People who enjoy high self - esteem can overlook others’ faults. The more they forgive, the higher their esteem and glory would be. They will be enjoying their acts (Hussain and Sarat, 2007). People who are offended by each other can forgive the other person ( the offender person) to decrease their anger or can take revenge on him/her. Although revenge can cause spiritual relief in a short time, it causes regret in the long run. So pardoning and forgiving are competitors of revenge. Research findings have shown the effects of forgiveness in family. It improves sign of disorder and interpersonal relationships. In his letters and lectures, Imam Ali (peace be upon him) has advised rulers (Hareth Hamedani and Malek-e- Ashtar) to pardon and forgive.
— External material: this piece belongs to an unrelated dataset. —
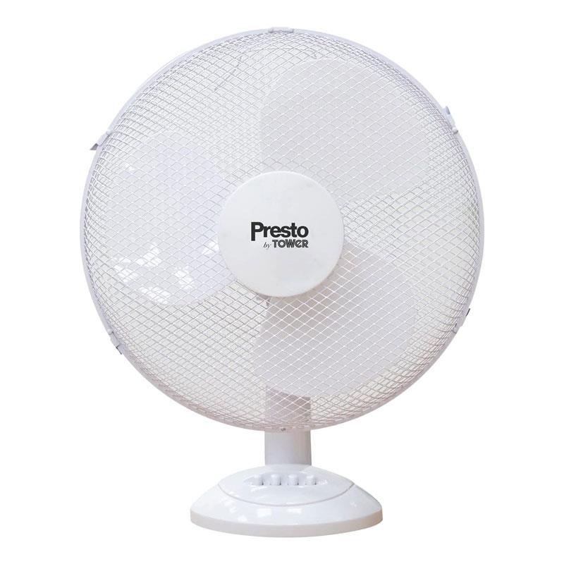 Tower Presto 12 Inch Desk Fan 3 Speed Settings 80° Oscillation 35W - White
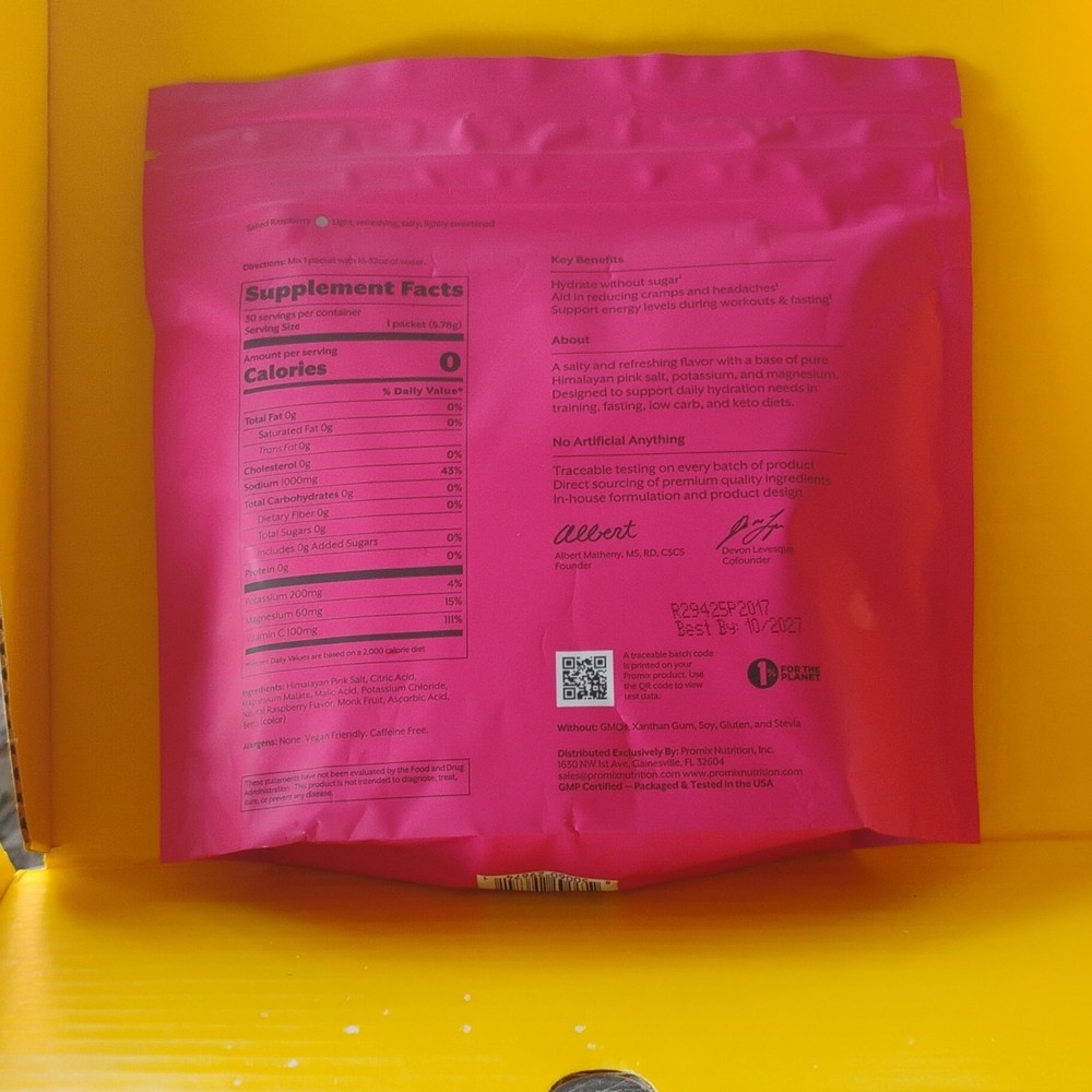 PROMIX Electrolyte Drink Mix Salted Raspberry Vegan Powder Himalayan Pink Salt

He says:

"Contain your anger, and overlook when you are powerful, When you are angry try to be patient, when you can do faults, avoid it, so that you are blessed" (Nahjolbalaghe ‘letter 67). Islam emphasizes justice and punishment of the wrong doers, but it equally strongly emphasizes mercy, kindness and love. Justice, law and order are necessary for the maintenance of a social order, but there is also a need for forgiveness to heal the wounds and to restore good relations between the people. We must keep in mind that as much as we need Allah’s forgiveness for our own sins and mistakes, we must also practice forgiveness towards those who do wrong to us) khatib pakestan).